Polyneuropathy organomegaly, endocrinopathy, monoclonal (M) gammopathy, skin syndrome (POEMS) may be difficult to diagnose as a result of methodological and clinical idiosyncrasies. Four of eleven criteria (M-protein, VEGF, endocrinopathy and thrombocytosis/polycythemia) are closely associated with clinical laboratory testing. POEMS has been largely associated with λ-M-gammopathies. Vascular endothelial growth factor (VEGF) is a recent addition to the major diagnostic criteria.
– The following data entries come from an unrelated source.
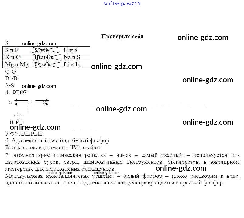 Готовые домашние задания по Химии за 11 класс Рабочая тетрадь Габриелян, Яшукова Базовый уровень 2014 - Ковалентная связь. Атомная и молекулярная кристаллические решеткисвязь. Ионная кристаллическая решетка Проверьте себя
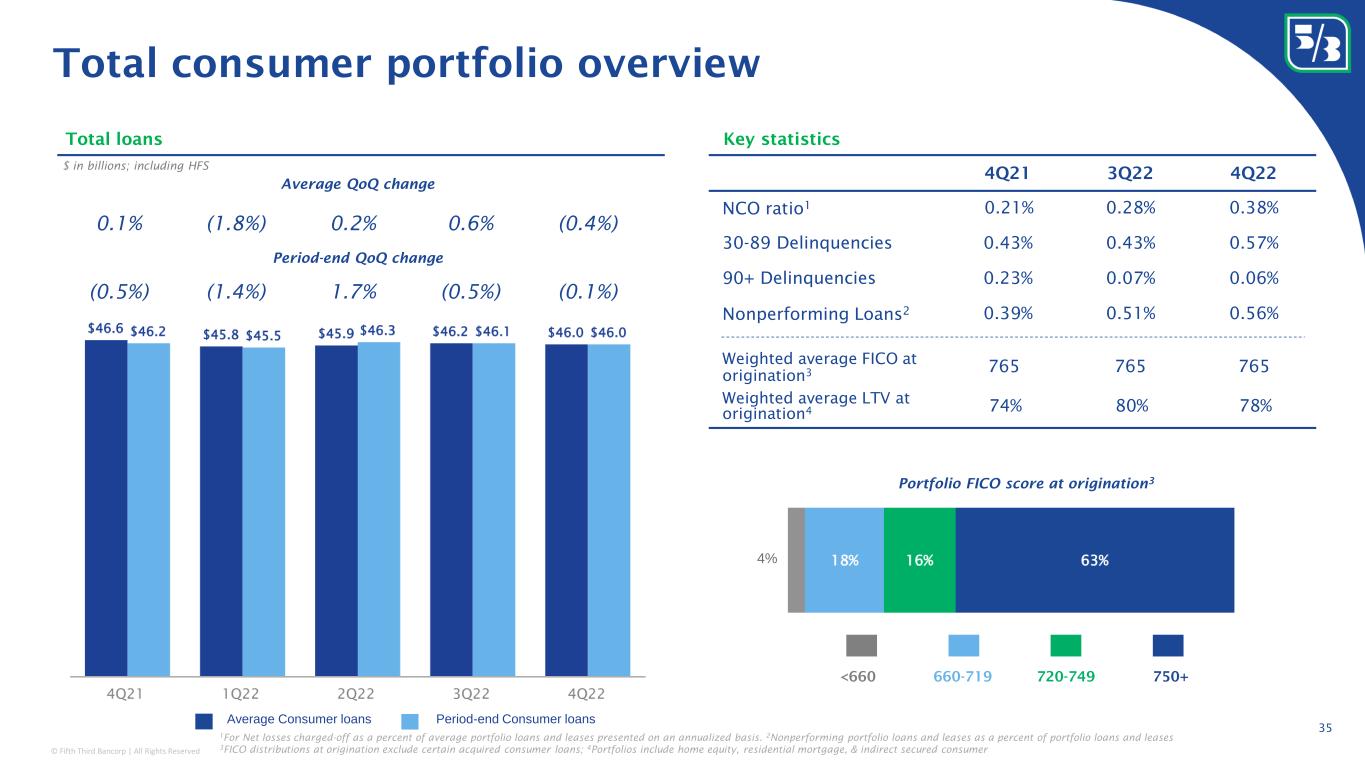 © Fifth Third Bancorp | All Rights Reserved Classification: Internal Use 4Q21 3Q22 4Q22 NCO ratio 1 0.03% (0.03%) 0.00% 30-89 Delinquencies 0.03% 0.10% 0.16% 90+ Delinquencies 0.01% 0.00% 0.00% Nonperforming Loans 2 0.35% 0.25% 0.29% Commercial real estate overview 34 CRE Mortgage Balance by owner occupancy CRE Construction Balance by property type Average – Commercial Mortgage Average – Commercial Construction Period-end – Commercial Mortgage Period-end – Commercial Construction Portfolio loans Key statistics Period-end QoQ change Average QoQ change 1 Net losses charged-off as a percent of average portfolio loans and leases presented on an annualized basis. 2 Nonperforming portfolio loans and leases as a percent of portfolio loans and leases $ in billions (1.3%) 3.6% (0.1%) 2.6% (0.4%) (2.9%) 2.0% 1.1% 1.5% 0.8% Multifamily Other Retail Hospitality Office Industrial Home Builder Non-Owner Occupied Owner Occupied 4Q21 1Q22 2Q22 3Q22 4Q22
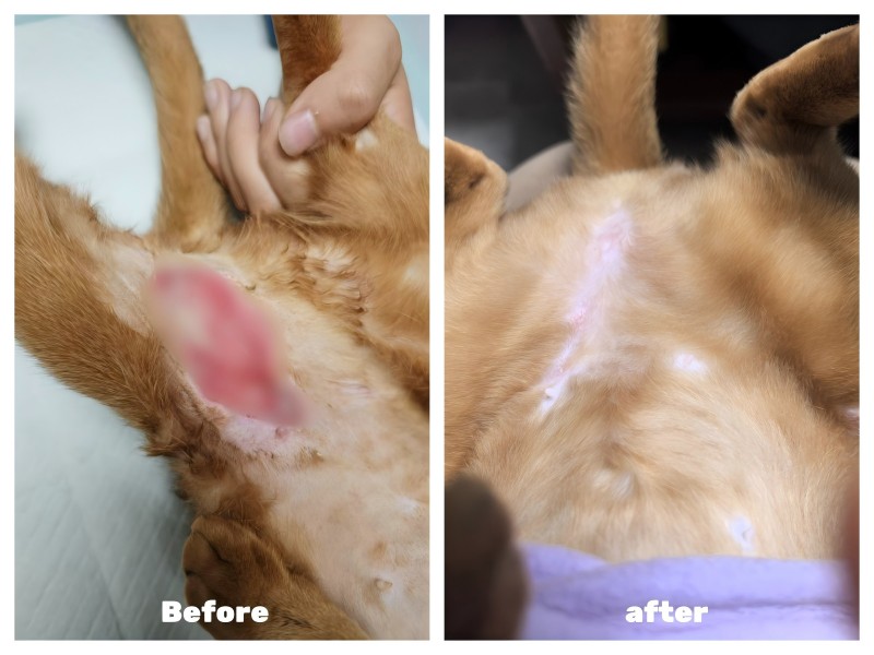 Този случай на лечение ефективно демонстрира забележителната ефикасност наВетеринарен лазер VETMEDIXрехабилитационна терапия при лечение на руптура на млечната жлеза. След осем лазерни рехабилитационни лечения, раната на болния домашен любимец е значително подобрена, показвайки добра тенденция на заздравяване и новата гранулационна тъкан е нараснала бързо. По време на целия процес на лечение не са настъпили нежелани реакции. Тази терапия значително съкрати времето за рехабилитация и облекчи болката на болния домашен любимец.

VEGF may alter vascular permeability causing some manifestations of POEMS.


Review of the literature that focuses on clinical laboratory issues--endocrinological findings, identification of monoclonal gammopathies by electrophoresis and case demonstration.


Based on the criterion of VEGF, POEMS was diagnosed in a patient with a κ-M-gammopathy.


Low-level IgA monoclonal proteins that are common in POEMS are often difficult to identify by serum electrophoresis (SPE). Immunofixation electrophoresis is required when polyneuropaties are investigated and an M-protein is not identified by SPE. VEGF may improve the sensitivity for diagnosis of POEMS and findings from capillary leak syndrome which are also associated with elevated VEGF and M-gammopathy suggests that κ-M-gammopathies may be implicated more often. It is demonstrated that due to computerized records, the laboratory practitioner is well suited to help the clinician make this complicated diagnosis.